» **STORED DATA**:
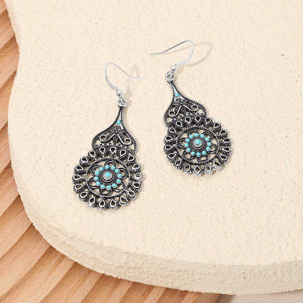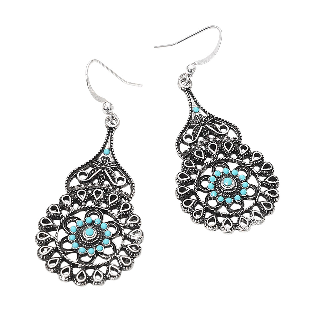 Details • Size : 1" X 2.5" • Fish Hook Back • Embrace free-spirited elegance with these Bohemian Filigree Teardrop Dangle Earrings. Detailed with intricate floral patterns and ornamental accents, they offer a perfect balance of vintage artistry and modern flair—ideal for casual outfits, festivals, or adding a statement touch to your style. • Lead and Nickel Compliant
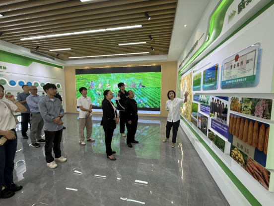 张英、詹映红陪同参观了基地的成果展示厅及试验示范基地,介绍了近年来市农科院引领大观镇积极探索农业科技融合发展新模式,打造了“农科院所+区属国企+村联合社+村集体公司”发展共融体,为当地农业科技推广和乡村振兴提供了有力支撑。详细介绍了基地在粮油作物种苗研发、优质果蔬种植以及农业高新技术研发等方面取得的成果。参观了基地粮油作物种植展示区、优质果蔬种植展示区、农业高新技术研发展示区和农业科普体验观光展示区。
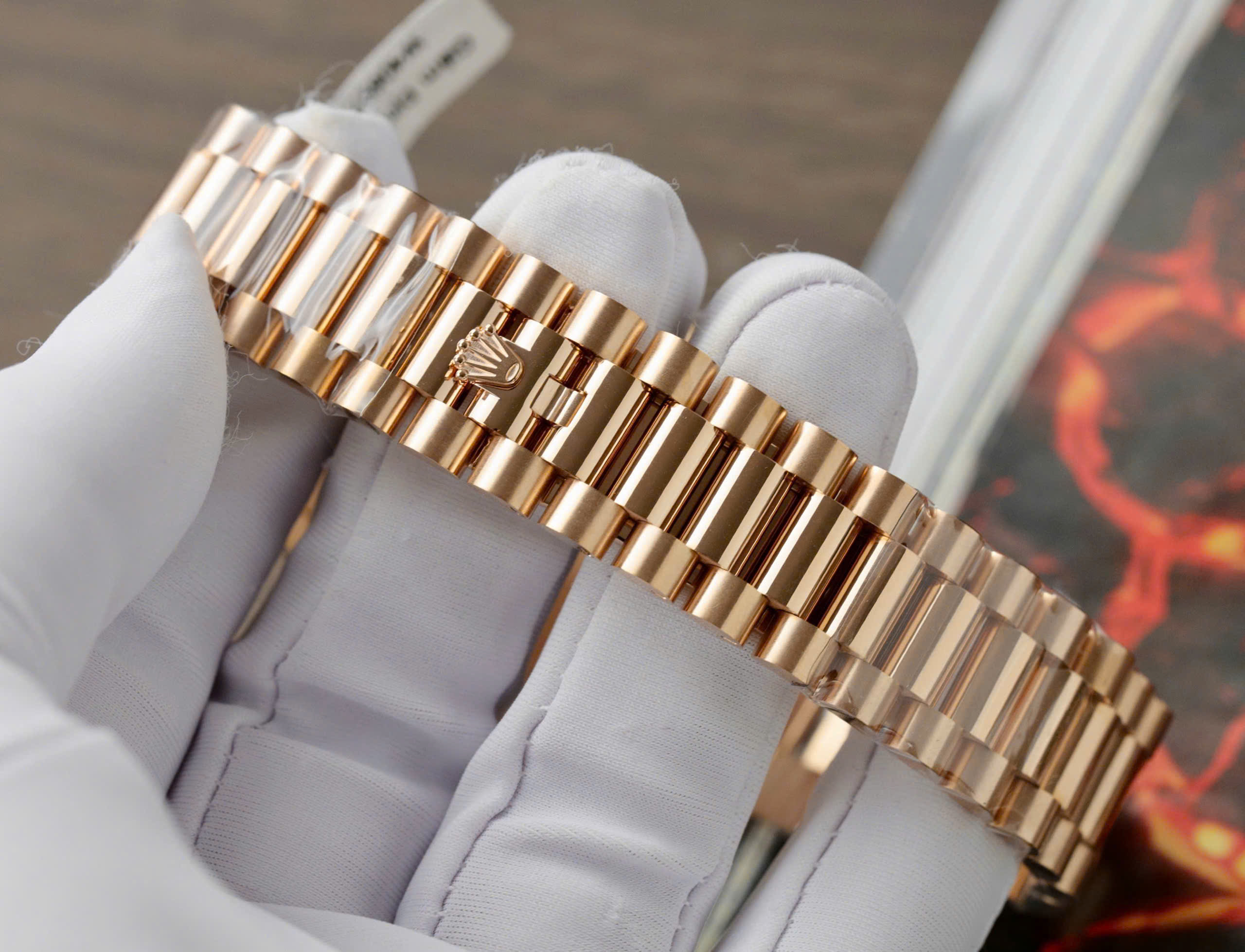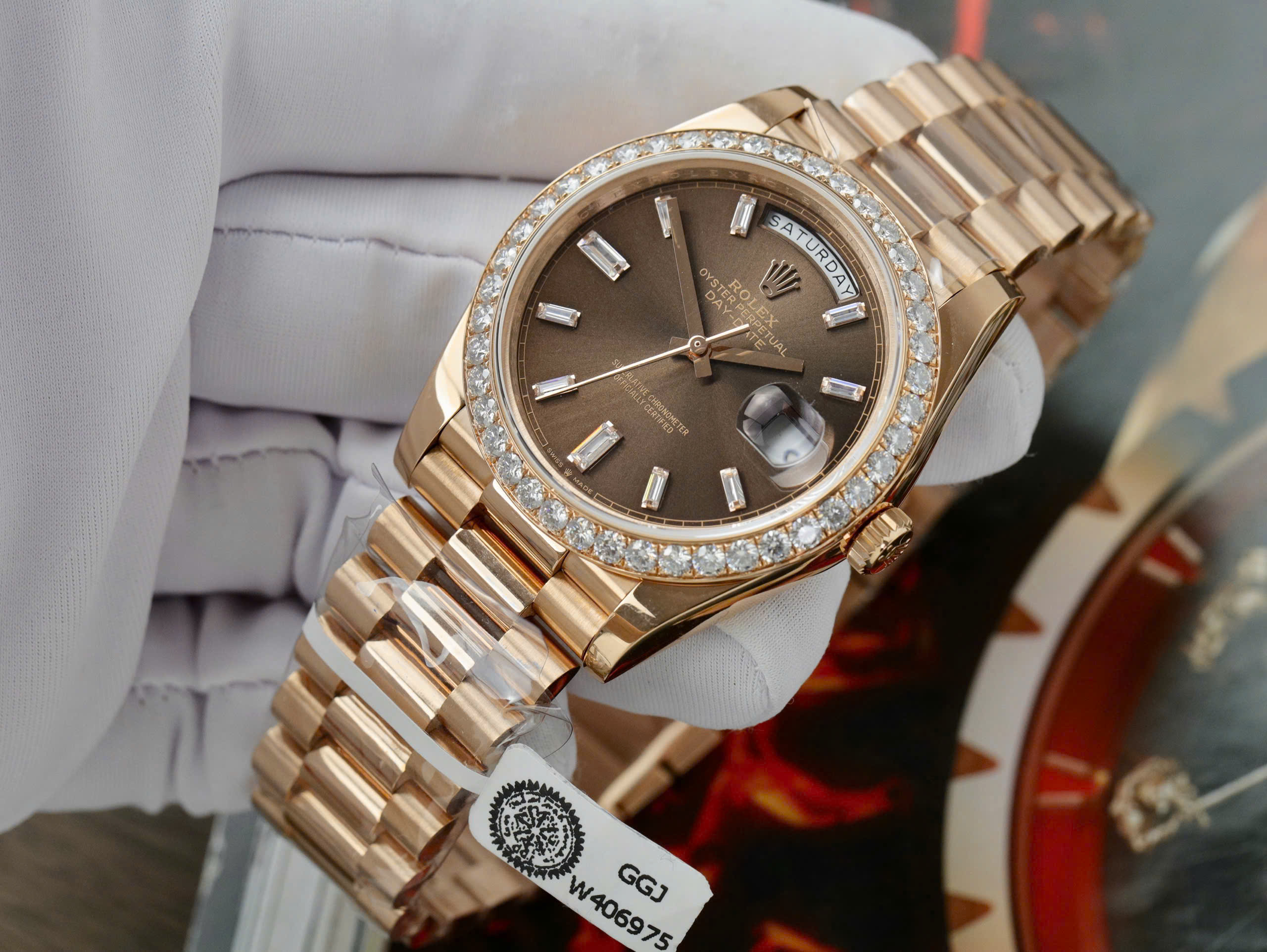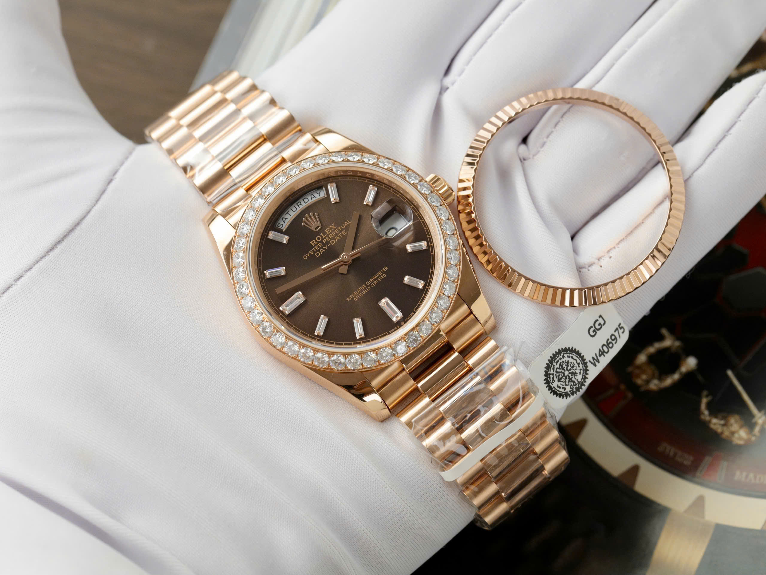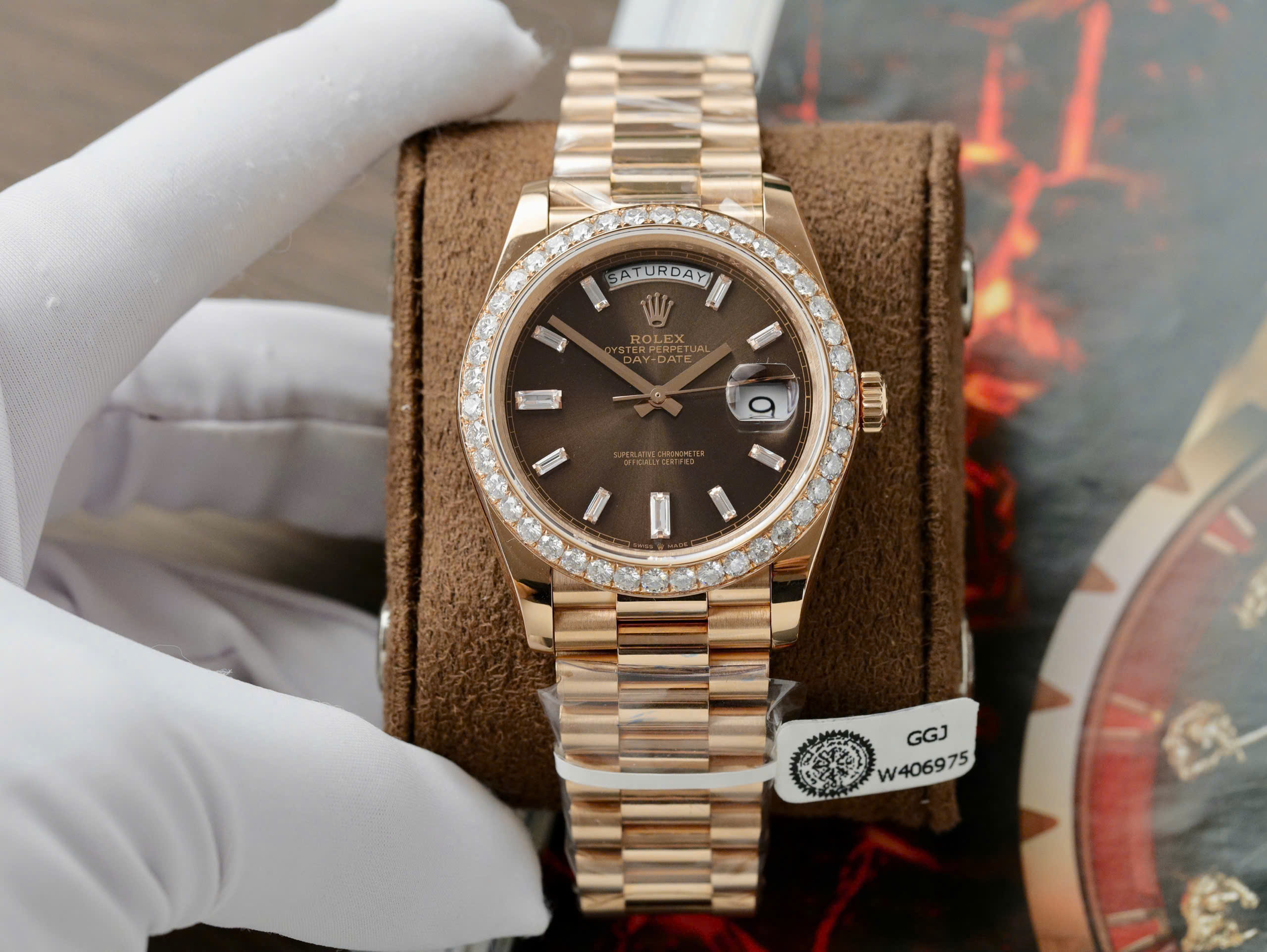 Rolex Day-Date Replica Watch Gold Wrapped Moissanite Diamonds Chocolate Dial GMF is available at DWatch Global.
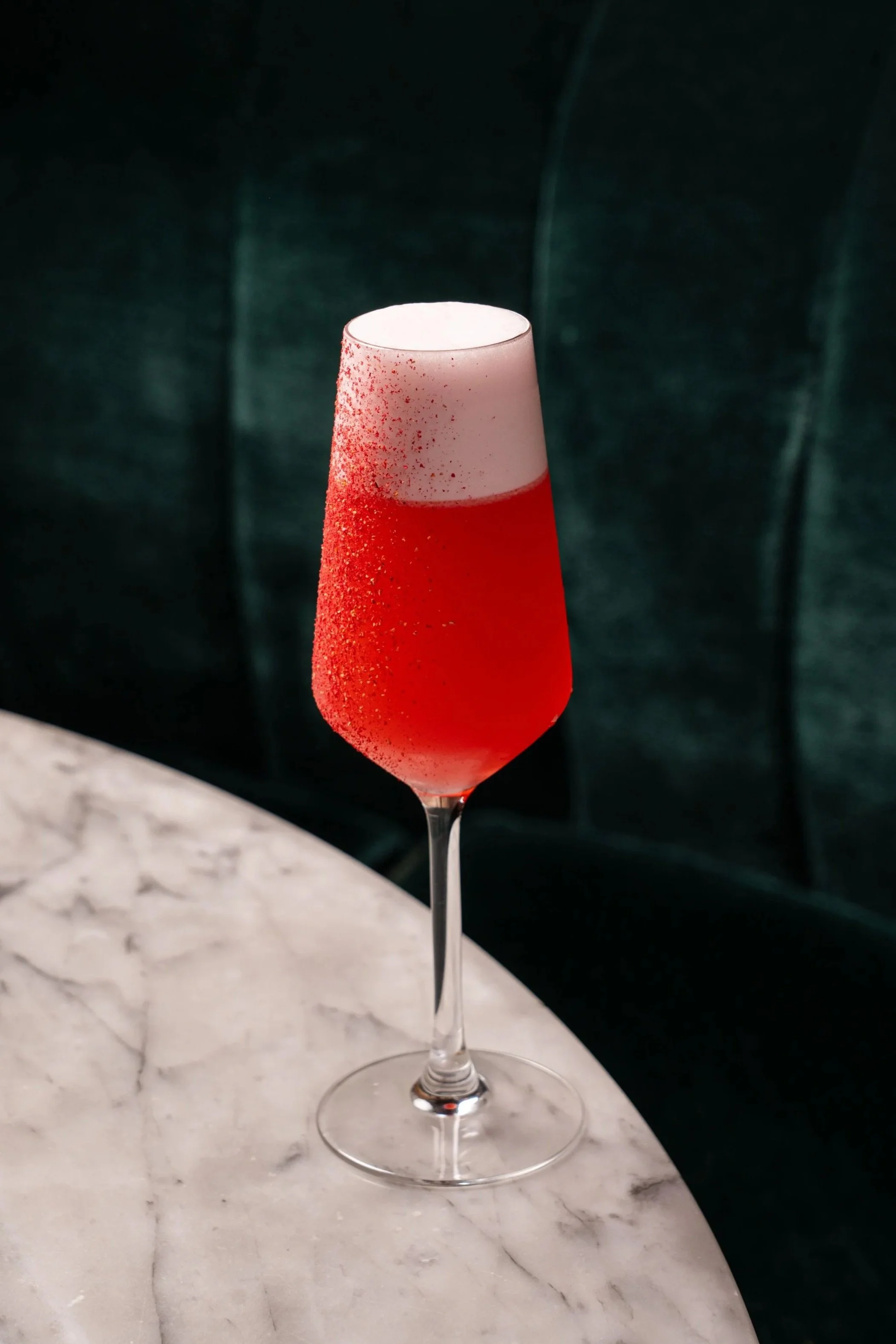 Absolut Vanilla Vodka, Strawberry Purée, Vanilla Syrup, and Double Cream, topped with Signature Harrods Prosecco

» **INSTRUCTIONS FOR THE TASK**:
Nothing but the listing, copied exactly and stripped of its images, should appear in the response.

» **SOLUTION FOR THIS EXERCISE**:
 Details • Size : 1" X 2.5" • Fish Hook Back • Embrace free-spirited elegance with these Bohemian Filigree Teardrop Dangle Earrings. Detailed with intricate floral patterns and ornamental accents, they offer a perfect balance of vintage artistry and modern flair—ideal for casual outfits, festivals, or adding a statement touch to your style. • Lead and Nickel Compliant
 张英、詹映红陪同参观了基地的成果展示厅及试验示范基地,介绍了近年来市农科院引领大观镇积极探索农业科技融合发展新模式,打造了“农科院所+区属国企+村联合社+村集体公司”发展共融体,为当地农业科技推广和乡村振兴提供了有力支撑。详细介绍了基地在粮油作物种苗研发、优质果蔬种植以及农业高新技术研发等方面取得的成果。参观了基地粮油作物种植展示区、优质果蔬种植展示区、农业高新技术研发展示区和农业科普体验观光展示区。
 Rolex Day-Date Replica Watch Gold Wrapped Moissanite Diamonds Chocolate Dial GMF is available at DWatch Global.
 Absolut Vanilla Vodka, Strawberry Purée, Vanilla Syrup, and Double Cream, topped with Signature Harrods Prosecco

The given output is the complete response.